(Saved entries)
= = = = = = =
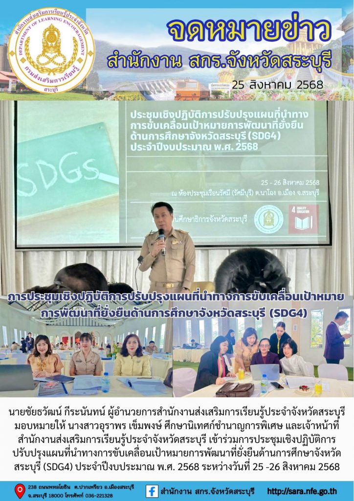 วันที่ 25 สิงหาคม 2568 นายชัยธวัฒน์ กีระนันทน์ ผู้อำนวยการสำนักงานส่งเสริมการเรียนรู้ประจำจังหวัดสระบุรี มอบหมายให้ นางสาวอุราพร เข็มพงษ์ ศึกษานิเทศก์ชำนาญการพิเศษ และเจ้าหน้าที่ สำนักงานส่งเสริมการเรียนรู้ประจำจังหวัดสระบุรี เข้าร่วมการประชุมเชิงปฏิบัติการปรับปรุงแผนที่นำทางการขับเคลื่อนเป้าหมายการพัฒนาที่ยั่งยืนด้านการศึกษาจังหวัดสระบุรี (SDG4) ประจำปีงบประมาณ พ.ศ. 2568 ระหว่างวันที่ 25 -26 สิงหาคม 2568
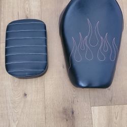 Harley-Davidson Sportster 883 Custom Design 15" Solo Seat - Black W/Pink Stitched Flames + Passenger Pad Combo$150Thousand Oaks, CA
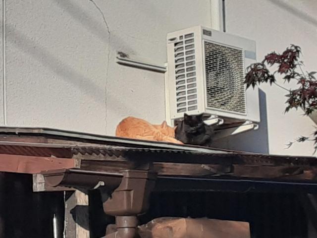 その行きし、ぴゅーたとくろちゃん。いつぶりか知らん、新築のお向かいのひさしの上。そのおうちにはワンちゃんもいるのだが、やっと慣れてきたのか。
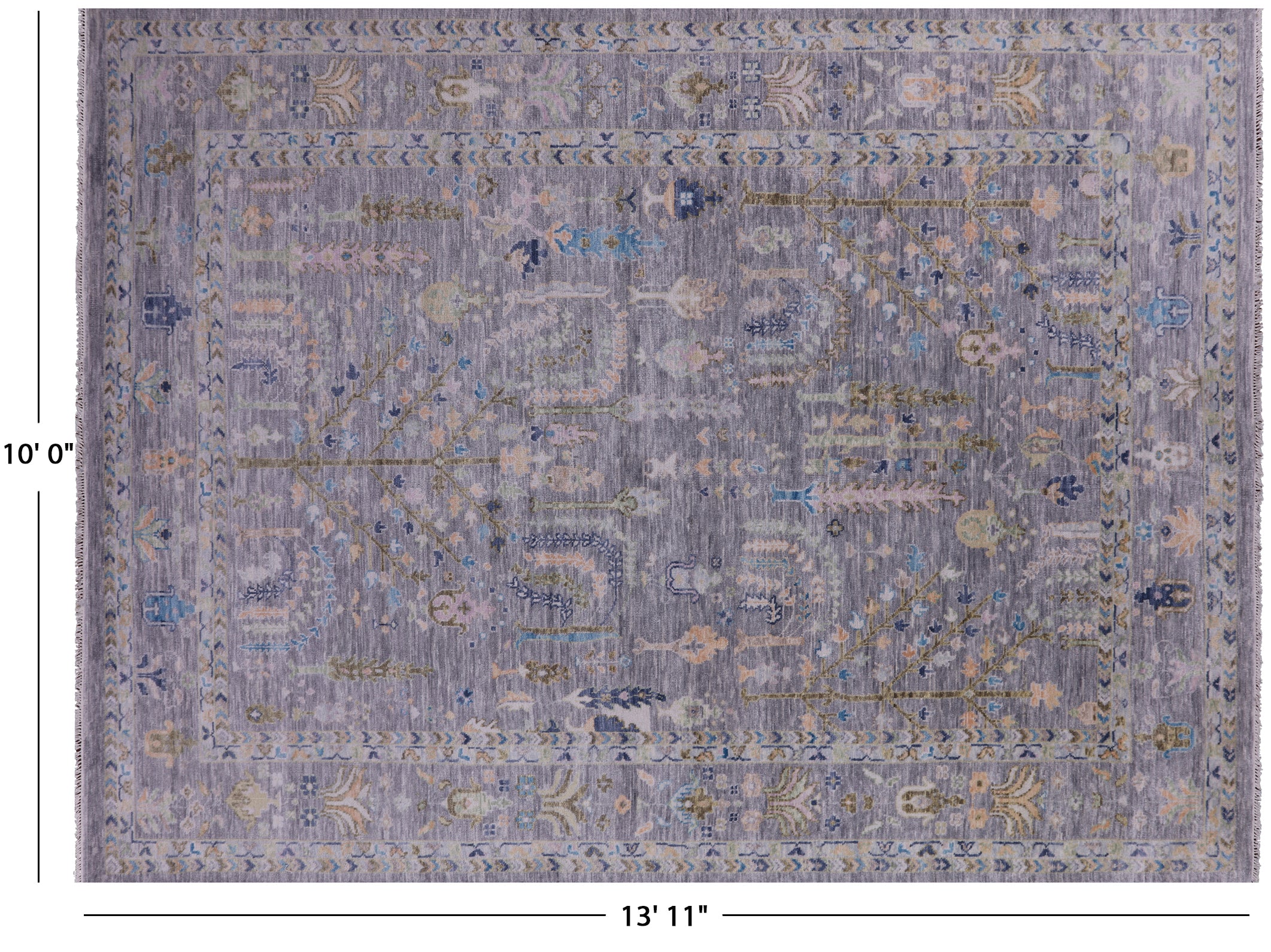 Grey 10' 0" X 13' 11" Hand Knotted Turkish Angora Oushak Wool Rug - Q13323
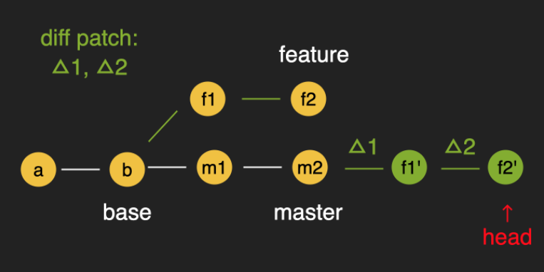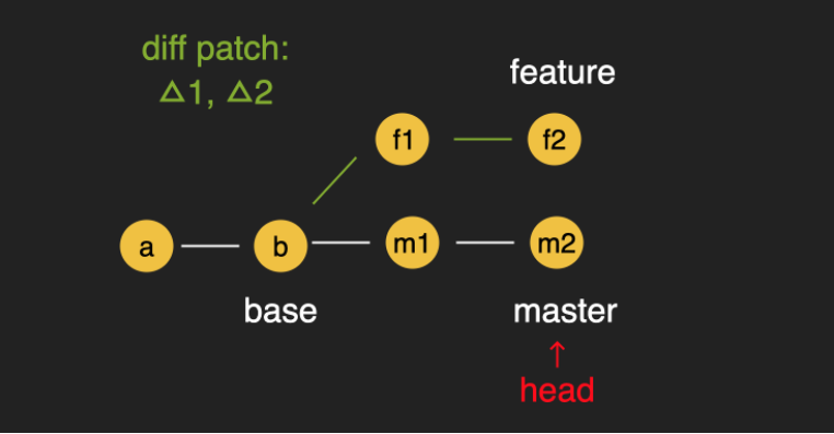 master와 feature의 공통 조상이 되는 base 커밋부터 현재 브랜치까지의 변경 사항(▵1, ▵2)을 구해서 patch로 저장해 둠
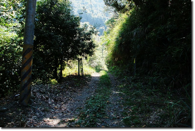 7.5K 看路況不是很好,將車停在一岔路口,電線桿編號“四號山分77”附近(其實高底盤車一路開到電線桿“四號山分141”沒問題,四傳車更可開到最後工寮上去不遠處)。
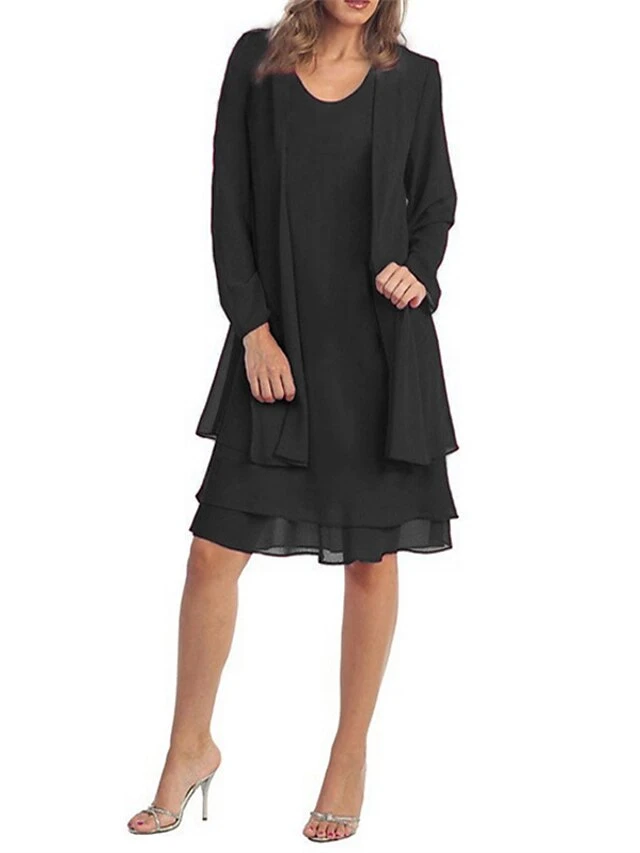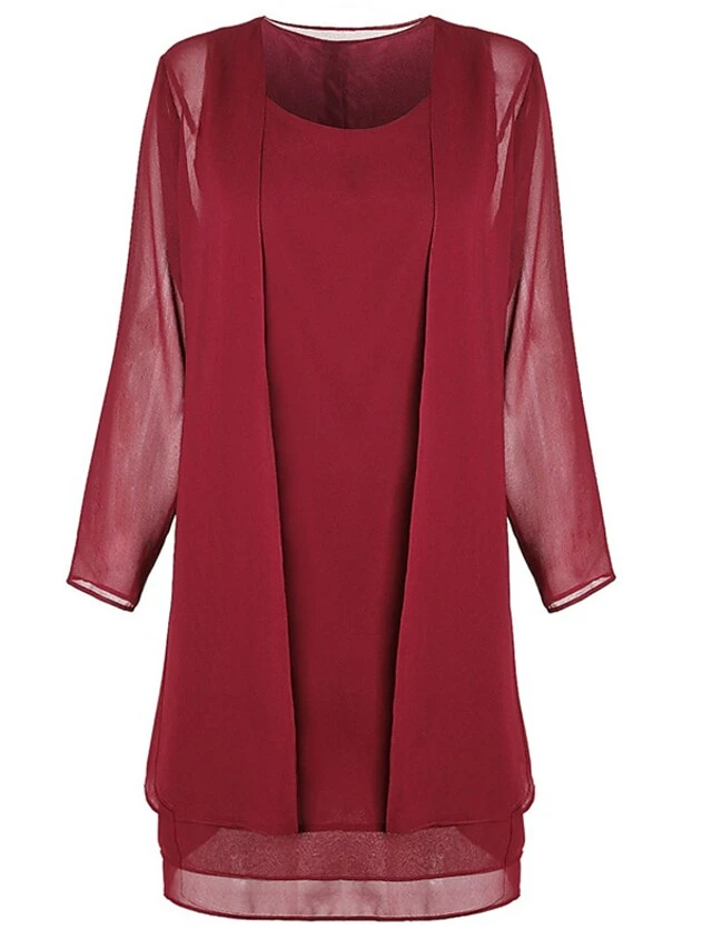 Women’s Dress Set Two Piece Dress Shift Dress Midi Dress Black Red 3/4 Length Sleeve Pure Color Mesh Summer Spring Crew Neck Elegant Fall Dress Mesh M L XL 2XL 3XL 4XL 5XL
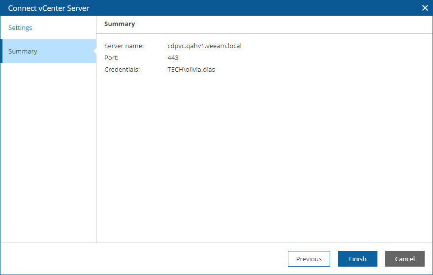 - At the Summary step of the wizard, review the connection details and click Finish.
= = = = = = =
_What the task requires_:
From the records above, give again only the part that opens with the line containing "master와 feature의 공통" and closes with the line containing "Women’s Dress Set". Keep both ends but drop the pictures.

_Your solution_:
 master와 feature의 공통 조상이 되는 base 커밋부터 현재 브랜치까지의 변경 사항(▵1, ▵2)을 구해서 patch로 저장해 둠
 7.5K 看路況不是很好,將車停在一岔路口,電線桿編號“四號山分77”附近(其實高底盤車一路開到電線桿“四號山分141”沒問題,四傳車更可開到最後工寮上去不遠處)。
 Women’s Dress Set Two Piece Dress Shift Dress Midi Dress Black Red 3/4 Length Sleeve Pure Color Mesh Summer Spring Crew Neck Elegant Fall Dress Mesh M L XL 2XL 3XL 4XL 5XL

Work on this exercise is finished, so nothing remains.